Last I checked bleepingcomputer, ifixit, vibilagare.se, psyche.co and libreboot.org aren't personal sites.
None of those actually have an /about page, yet your site says they do...
Another funny thing: just search 404 or not found and you'll get a lot of 404 pages
Yes :(
Do you have an idea of how to remove company websites in an automated way? I didn't want to manually review all 7k indexed websites.
This is the GPT prompt I used for filtering domains to add, but it gives false positives:
For the 404s (assuming the status code isn't a 4xx), use a URL that you strongly suspect won't exist, then you can do a comparison (levenshtein distance, bag of words, etc.) to see if it's very similar to one of about, ideas, etc. pages.
Most are a 4xx code, I checked myself, some may be 301/302 redirect to 4xx not being handled properly by their crawler
Good point. We're using https://crawlee.dev, I think there's a way to handle more status codes as errors...
Right now it only excludes pages based on the text content: https://github.com/lindylearn/aboutideasnow/blob/main/apps/a...

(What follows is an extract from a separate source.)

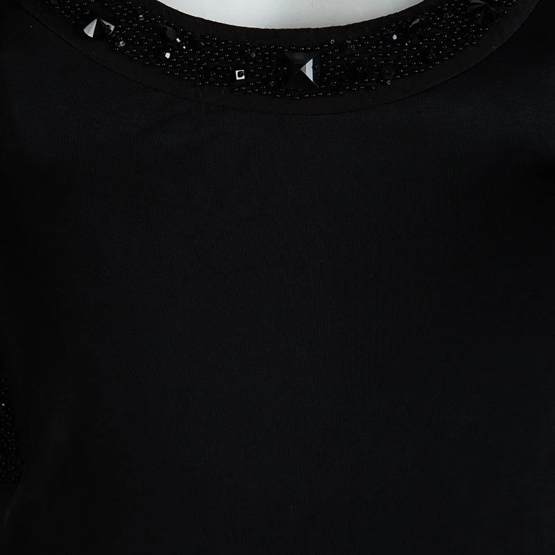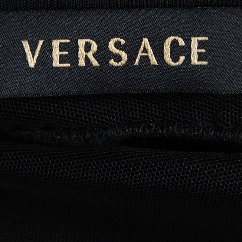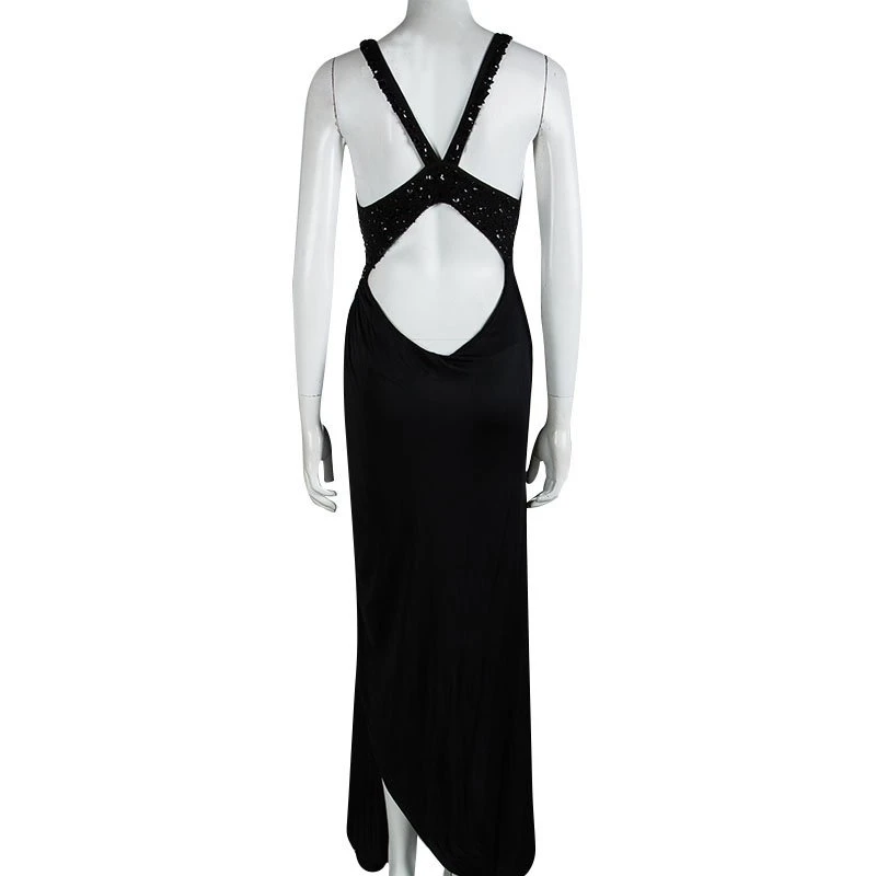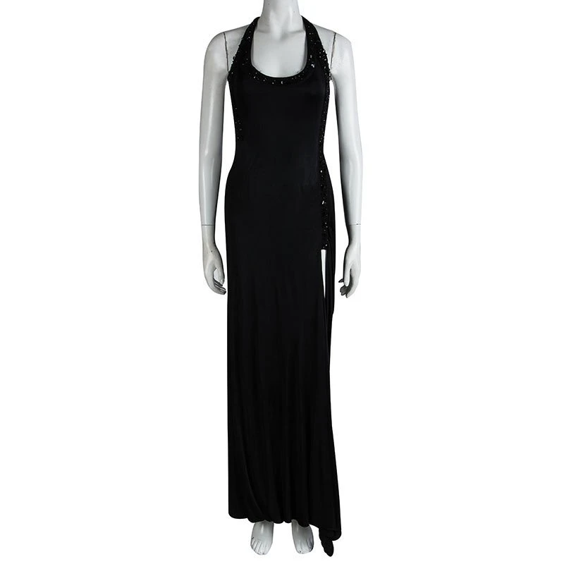 Want to be a fashion Diva? Slide into this stunning gown in the royal black hue. A true head turner dress by Versace is embellished with complimenting beads and studs on the neck and the left side. The side cut out detail with deep halter design in this designer piece offers you an iconic appearance at the cocktail night or even at the dinner date with your beloved.

I think openai embeddings API could be useful here. Perhaps one of the neurons responds to corporate speak.
Maybe change the API so that GPT can express uncertainty (make it a ternary value or even a confidence percentage), and then check the “uncertain” cases manually.
Yep, most of our systems end up exposing a parameter like that to the customer. Some people only like the system to take action if the system is very sure, hate incorrect action and prefer unprocessed stuff in a queue. Other customers hate unprocessed items and prefer to cleanup incorrect actions. Takes tinkering to find the best.
Great idea, I will try this. Thank you!!